Cowork Waldo is located at 7431 Broadway. Photos by Ben McCarthy

Cowork Waldo opens second location at 92nd and State Line Road

“With the pandemic over, people are coming back to work in communal areas and finding it to be very natural again.” 

By Ben McCarthy

Three years ago, new Cowork Waldo President Zubin Talib was grappling with the reality of Covid-19 lockdown measures around the city, and people’s hesitancy to go into and operate in shared spaces. A new era of remote work from the comfort of home seemed to be underway, leaving collaborative, shared workspaces like his in danger of becoming obsolete. 

Something strange was also happening. 

Clients, who were not coming into the building, continued to pay for their spaces. Talib and his wife, co-founder Talyn Good, were stunned.

“The members continued to pay during Covid because they wanted to see Cowork continue,” Talib said. “That was humbling.” 

Talib and Good had only taken over Cowork Waldo from Melissa Saubers a few weeks before Covid-19 lockdown measures went into effect/ They had been members of the space in the years leading up to the pandemic. 

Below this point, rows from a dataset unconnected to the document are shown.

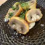 正しい料理名は忘れましたがアボカドに醤油漬けされた卵黄が乗っている料理。 これが美味しい! 日本酒とぴったりで。 ...
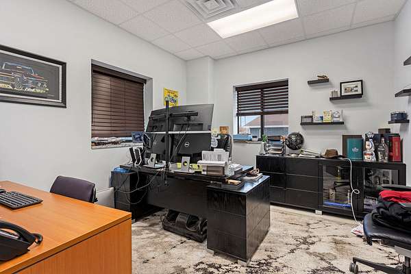 Less than 1 mile from the 131 exchange with easy on and off access, this high traffic building has the crossroads at 76th and Clyde Park. Built in 2019, this 4160 sq. ft. building has 3 suites, with 3 private offices, a waiting room, receptionist space, conference room, open concept office collaboration, shared kitchen, and two 14 ft. heated bays with a private bathroom. Situated on 2.33 acres, the lot is fully fenced in with touchpad security access and 1 EV charging station in the parking lot. Per the aerial photos, massive storage potential with the already 15 semi-trailers parked comfortably in the back. Complete with an electric sign for business customization on Clyde Park Ave, this building would allow for multiple uses for office space, industrial, mechanical, or storage.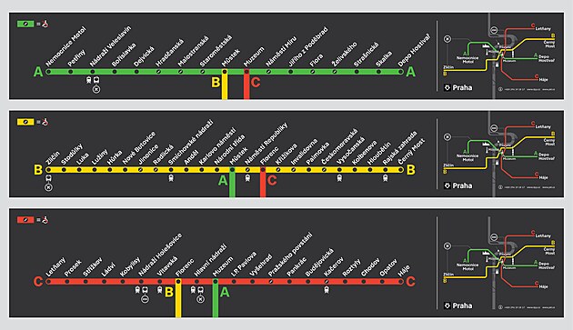 Nová schémata linek pražského metra, tzv. jezevčíci (prosinec 2024)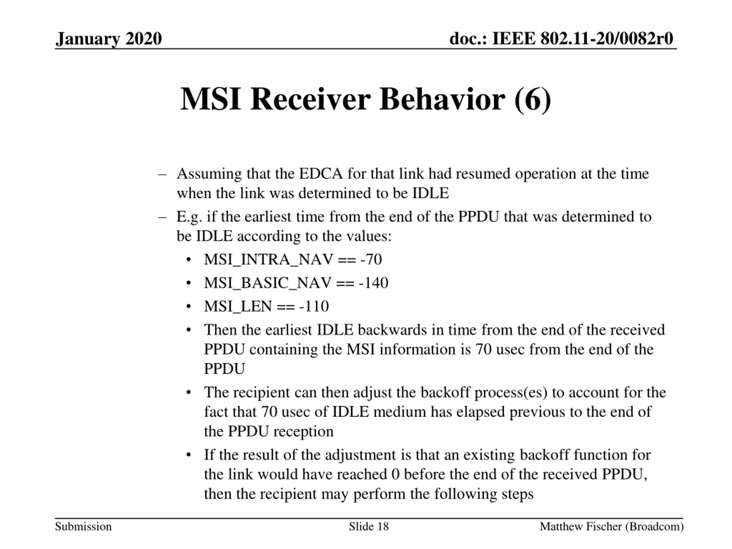 doc.: IEEE 802.11-20/0082r0 January 2020 MSI Receiver Behavior (5) If an MSI parameter for a link is received with a negative value in a PPDU, then The recipient of the MSI may perform an adjustment to its backoff process on the affected link E.g. the backoff should be calculated at the end of the receipt of the PPDU containing the MSI, assuming that the magnitude of the negative value of the parameter is effectively that amount of IDLE time that has passed previous to the end of the PPDU For example, if all MSI parameters indicate either 0 or a negative value, then at the end of the receipt of the PPDU, the recipient determines the earliest time, backwards from the end of the PPDU, at which all parameters had reached zero, representing a sum IDLE indication for the link, and the amount of time from that point forward in time to the end of the PPDU is an amount of time considered IDLE for that link which can be used to determine the current state of the EDCA for that link, Submission Slide 17 Matthew Fischer (Broadcom)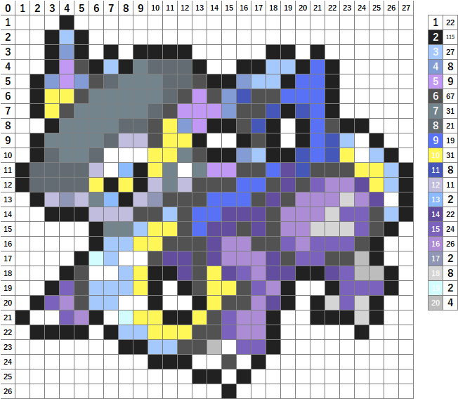 今回はポケモンのミライドン(ライドフォルム)のドット絵です!アイロンビーズやアクアビーズ、マイクラ、クロスステッチの図案にどうぞ。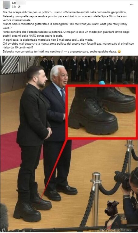 Ma che scarpe ridicole per un politico… siamo ufficialmente entrati nella commedia geopolitica. Zelensky con quelle zeppe sembra pronto più a esibirsi in un concerto delle Spice Girls che a un vertice internazionale. Manca solo il microfono glitterato e la coreografia “Tell me what you want, what you really really want…” Forse pensava che l’altezza facesse la potenza. O magari è solo un modo per guardare dritto negli occhi i giganti della NATO senza usare la scala. In ogni caso, la diplomazia mondiale non è mai stata così… alla moda. Chi avrebbe mai detto che la nuova arma politica del secolo non fosse il gas, ma un paio di stivali con rialzo da 10 centimetri? Zelensky non conquista territori, ma centimetri — e a quanto pare, anche qualche risata.
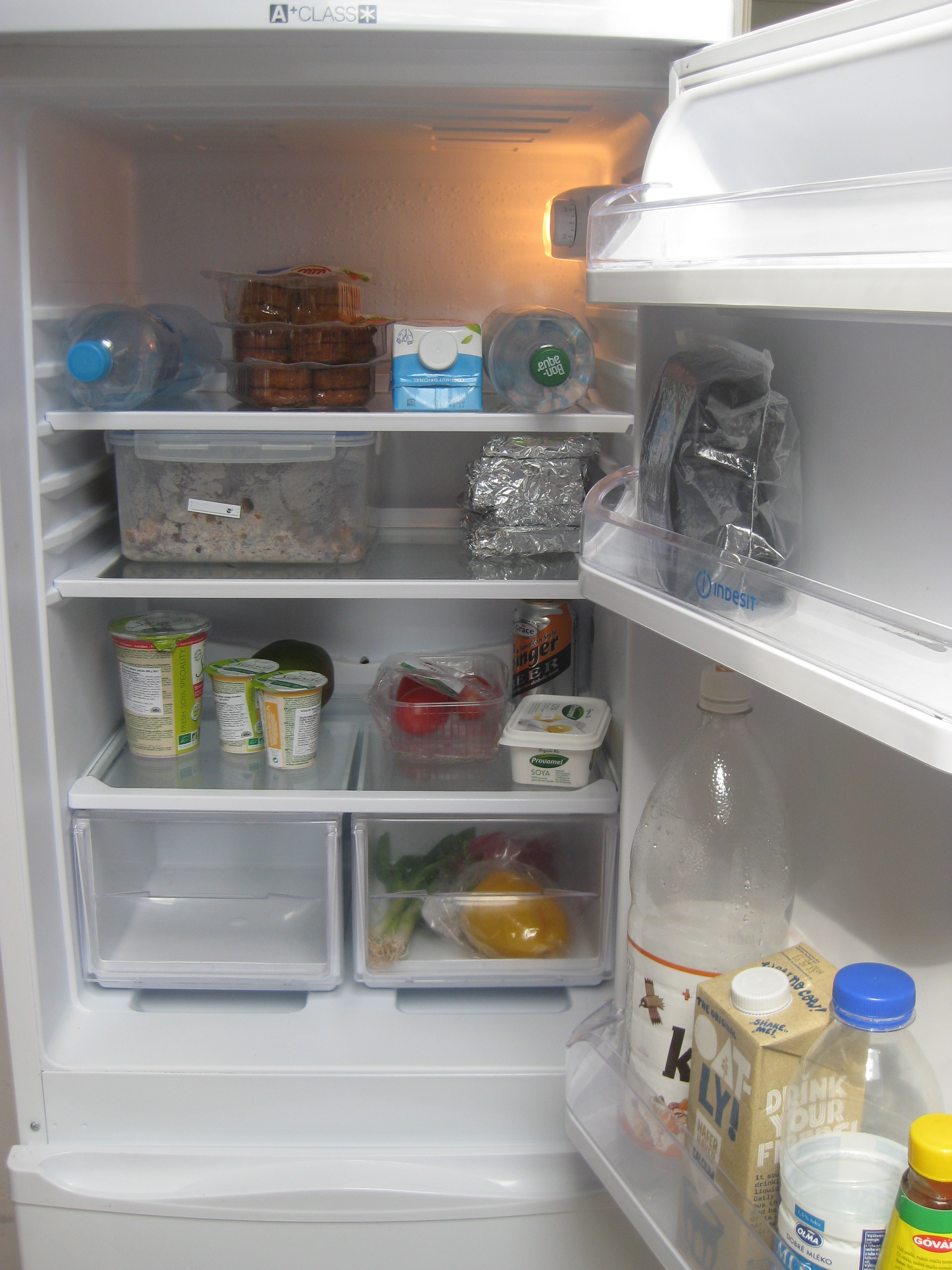 And we have a great big fridge! So big we haven’t got it fully stocked yet. There’s a lot of bottled water in there, not that we are fans of it in places with drinkable tap water. These are just bottles that we refill and keep chilled at all times to take on hikes, cool us down during the heatwave earlier and provide for us when the water supply cuts out. This has happened a few times, most notably on Tuesday when our entire area woke up without water. Dr HH felt vindicated for keeping water in the fridge at all times, and I felt vindicated for always filling the kettle before bed. I can start the day without showering, but I can’t start the day without a brew! Fortunately Prague has a great selection of dairy-free milks and yoghurts, and we always have a big pot of food for packed lunches and a pile of home-made, foil-wrapped snack bars to sustain us at work. And chilled falafel, because I am a vegan.

Ashley P. Smith works at her desk at Cowork Waldo at 75th and Wornall. Smith brought her Peloton bike (far right) from home and keeps it at her space

Five years ago, Talib was driving into the midtown area every day from Raymore just to drop his kids off at school on Wornall. He’d drive back to his home, where he would run his software consulting business into the early afternoon, before heading back to Waldo to pick up his kids. The daily commute eventually drove him to research co-working spaces in the immediate area where he could get his work done and be available to his kids in the afternoon. The Kenyan native tried a few other coworking spaces in town before landing at Cowork Waldo. He loved the low cost of membership, and having all the needed office tools and amenities, but something about the space felt different, and there was a sense of  community he was connecting with that intrigued him. 

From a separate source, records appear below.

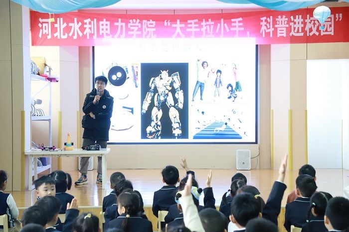 为激发小朋友们对科技的兴趣,进一步培养他们的创新思维和实践能力,使其在快乐的氛围中探索科技的奥秘,1月4日上午,best365官网“竞创”机甲格斗社社团到运河区一沐塬幼儿园开展了“大手拉小手 科普进校园”活动,为小朋友们带来了一场充满科技与激情的视觉盛宴。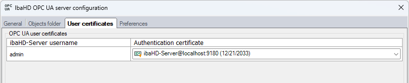The User certificates tab is displayed if the User certificates check box is selected on the General tab in the OPC UA server configuration.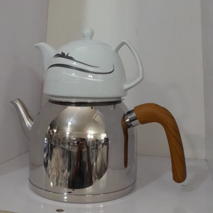 کتری قوری استیل دسته استیل آیسل AYSEL مدل ۲۰۰۷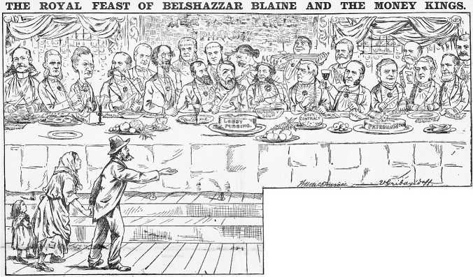 Карикатура Уолта Макдугалла «Королевский пир Белшаззара Блейна и денежных королей» появилась в журнале Джозефа Пулитцера New York World 30 октября 1884 года. Она высмеивала кандидата в президенты от республиканцев Джеймса Г. Блейна за посещение пышного банкета с плутократами в знаменитом нью-йоркском ресторане Delmonico’s. Бедная семья выпрашивает объедки. Библиотека и музей карикатур Билли Айрленда при Университете штата Огайо.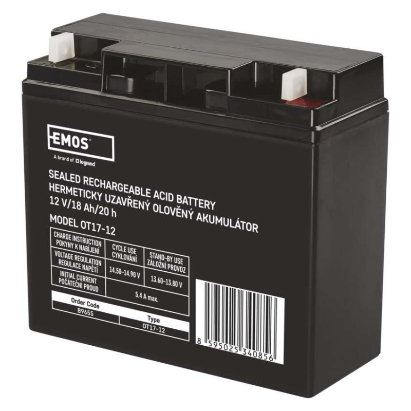 Popis produktuAkumulátor EMOS je vhodný jako náhradní baterie pro záložní zdroje UPS, RBC kity, elektronické systémy EZS, EPS, záložní systémy výtahů apod. Bezúdržbový, ventilem řízený olověný akumulátor v provedení AGM umožňuje být používán v libovolné poloze. Optimální životnost v záložních systémech je 5 let.Nabíjení baterie musí být prováděno vhodným napájecím zdrojem nebo nabíječem, který má hodnotu nabíjecího napětí 14,4 V pro 12 V akumulátory a 7,2 V pro 6 V akumulátory. V případě, že nabíječ nebo napájecí zdroj nemá tyto parametry, tak dochází k neúplnému nabíjení a dochází k tomu, že akumulátor bude rychle spotřebován a v krajním případě zničen. V tomto případě nelze uznat reklamaci akumulátoru.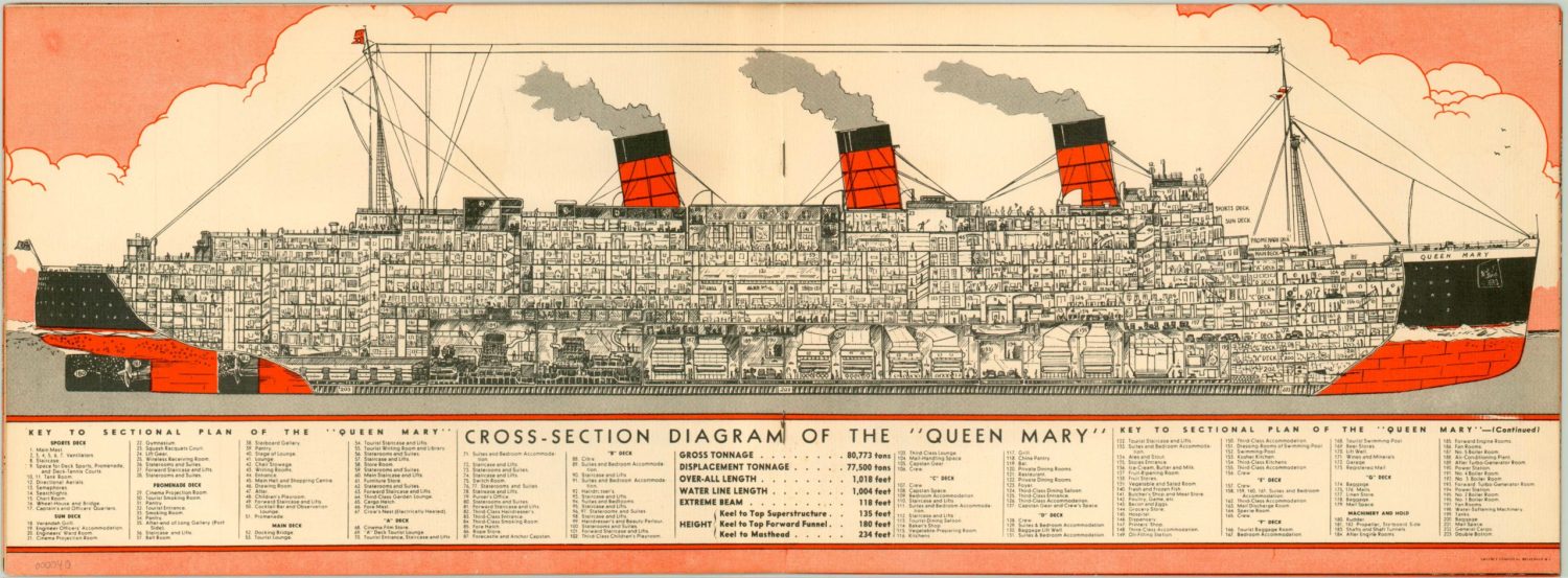 Over two hundred individual locations, organized by deck, are listed in this cross-section of the transatlantic flagship of the Cunard and White Star Line. The diagram was published in a book of comparisons designed to promote the ship at a time of financial difficulty for the recently merged lines and includes such boasts as “the voice of the Queen Mary can be heard ten miles away!”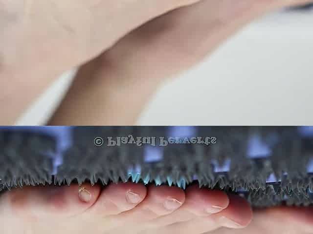 Barefoot girl walking on acupressure spike mat & massage ball

“There was a real heavy focus community,” Talib said. “All the members (of Cowork Waldo) know each other. There’s a camaraderie you don’t get anywhere else.” 

Since Cowork Waldo ownership was transferred to them in 2020, Talib and Good have also taken steps to find new ways to help grow the coworking community model around town.  Recently, they finalized a partnership with Centriq and its local campus at 92nd and State Line Road. Centriq, which provides IT Training, will house “Cowork @ Centriq,” with the aim of helping small businesses and IT students connect and collaborate in shared spaces. 

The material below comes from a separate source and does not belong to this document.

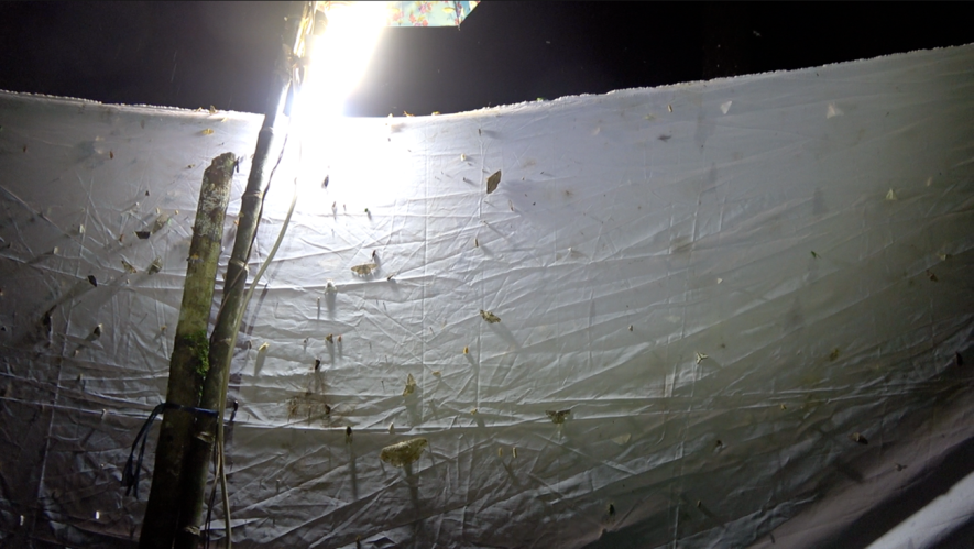 キャンプ地に到着したと同時に、現地の方がライトトラップの準備をしてくれました。キャンプで作ってもらったナシゴレンを食べ、ライトトラップを見に行くと、40時間以上の移動の疲れが吹っ飛ぶような時間が待っていました。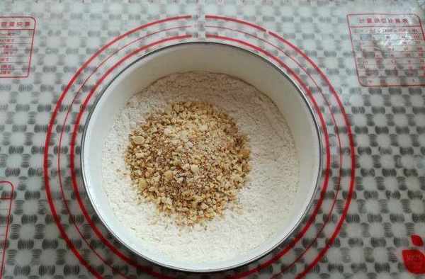 第四步:面粉裡加入鹽、白胡椒粉、白砂糖和小蘇打粉簡單混合,再加入搟碎的花生和白芝麻。

Cowork Waldo has partnered with Centriq Training on 92nd and State Line Road to create a second work space called Cowork @ Centriq.

“It’s an ideal environment for startups where they have access to students who are learning to code and design,” Talib said. “It’s really a great opportunity to encourage collaboration between all small businesses here in town and students ready to showcase what they can do.” 

Centriq President Kevin Gawe says members will find the coworking options incredibly flexible, and will enjoy being provided with all-inclusive amenities, including: fully furnished offices with high-speed internet (2GB), receptionist and mail services, utilities and parking, and meeting/event space facilities accommodating up to 40 people. Members are not required to sign a lease, and will have hourly, daily, and monthly rates to choose from. Centriq CFO Dean Bezdek says they are excited to be bringing more local businesses into these spaces, like the recently opened Hollywood Animation Academy, which started offering classes at the building in January. 

Talib and Good will help manage the space and work with everyone who signs up and becomes a member.  Like members at Cowork Waldo, signups at the Centriq campus will have access to special events that the couple put on as part of their efforts to help further that sense of camaraderie in the coworking community that they discovered years ago.

“Coworking spaces really started as a community endeavor,” Talib said. “Certain coworking (companies) came along and took the focus off of that and made it into a more corporate (operation). With the pandemic over, people are coming back to work in communal areas and finding it to be very natural again.”